--- Supplied information ---

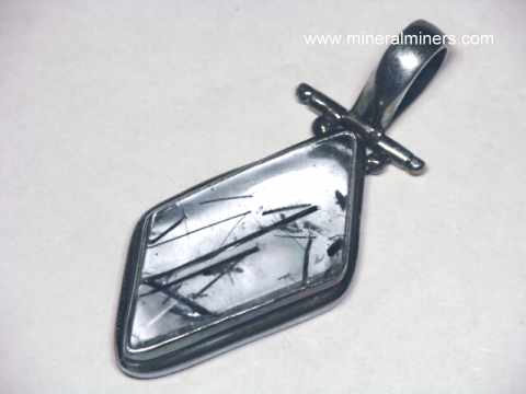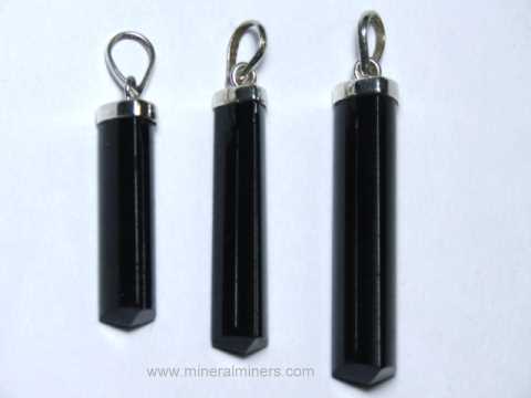Each of these polished black tourmaline crystal pendants is set with a handcrafted 925 sterling silver bezel cap. We have them available with crystal sizes measuring approximately 1.3 inches long for $23.95 each (item tbkj243i), and an extra large size with 1.4 inch long crystals for $26.95 each (item tbkj243e).
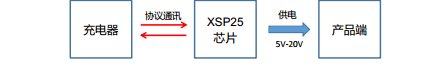 将外部 MCU芯片的RX 连接 XSP25的TX 接口,刚上电时,将外部 MCU的串口设置为高阻态,不能给 XSP25 的串口电压,否则会影响到芯片取电,等待 3-4 秒左右即可读取,外部设备的 MCU 读取到功率信息后,可以根据充电器的功率调整负载的大小。
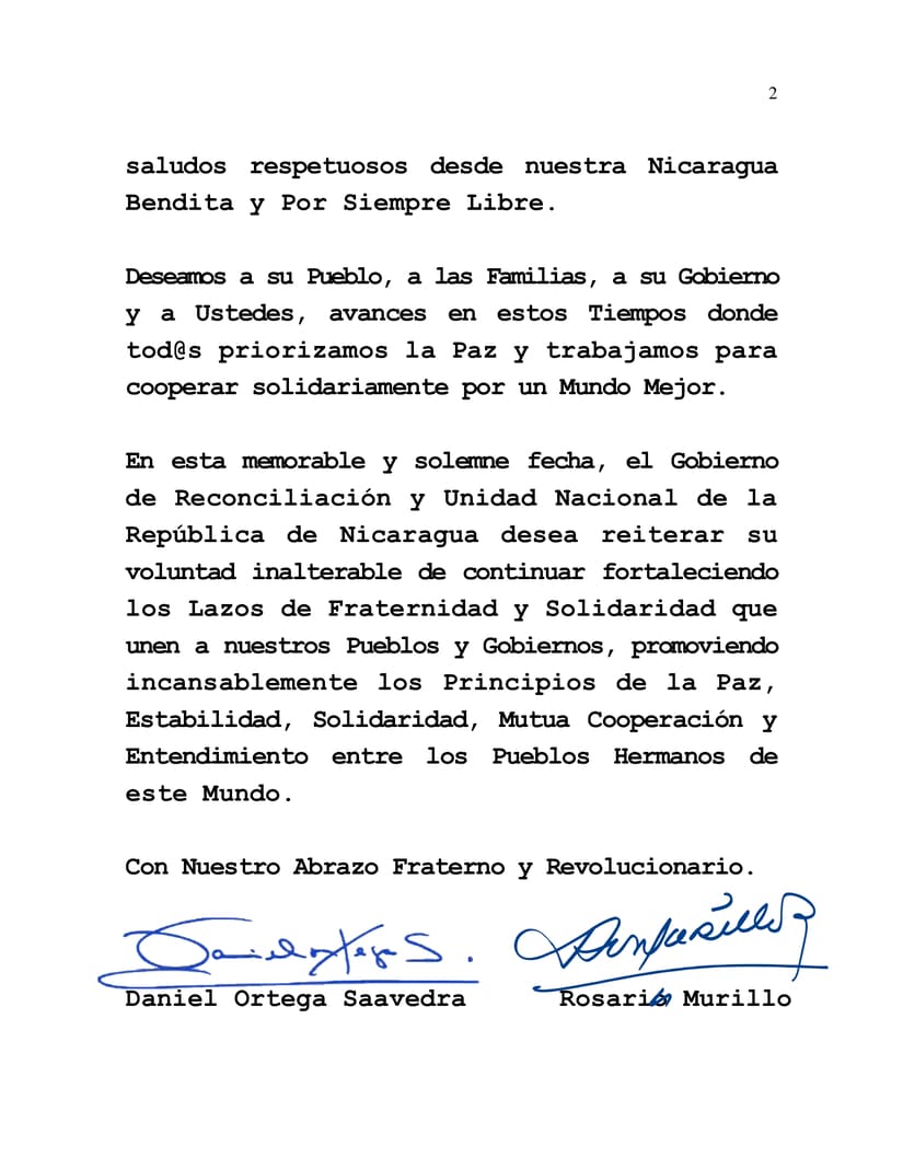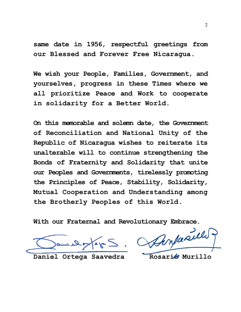 En esta memorable y solemne fecha, el Gobierno de Reconciliación y Unidad Nacional de la República de Nicaragua desea reiterar su voluntad inalterable de continuar fortaleciendo los Lazos de Fraternidad y Solidaridad que unen a nuestros Pueblos y Gobiernos, promoviendo incansablemente los Principios de la Paz, Estabilidad, Solidaridad, Mutua Cooperación y Entendimiento entre los Pueblos Hermanos de este Mundo.

---

#### Problem description:
Retype all the material word for word while skipping any picture it contains.

#### Your solution:
Each of these polished black tourmaline crystal pendants is set with a handcrafted 925 sterling silver bezel cap. We have them available with crystal sizes measuring approximately 1.3 inches long for $23.95 each (item tbkj243i), and an extra large size with 1.4 inch long crystals for $26.95 each (item tbkj243e).
 将外部 MCU芯片的RX 连接 XSP25的TX 接口,刚上电时,将外部 MCU的串口设置为高阻态,不能给 XSP25 的串口电压,否则会影响到芯片取电,等待 3-4 秒左右即可读取,外部设备的 MCU 读取到功率信息后,可以根据充电器的功率调整负载的大小。
 En esta memorable y solemne fecha, el Gobierno de Reconciliación y Unidad Nacional de la República de Nicaragua desea reiterar su voluntad inalterable de continuar fortaleciendo los Lazos de Fraternidad y Solidaridad que unen a nuestros Pueblos y Gobiernos, promoviendo incansablemente los Principios de la Paz, Estabilidad, Solidaridad, Mutua Cooperación y Entendimiento entre los Pueblos Hermanos de este Mundo.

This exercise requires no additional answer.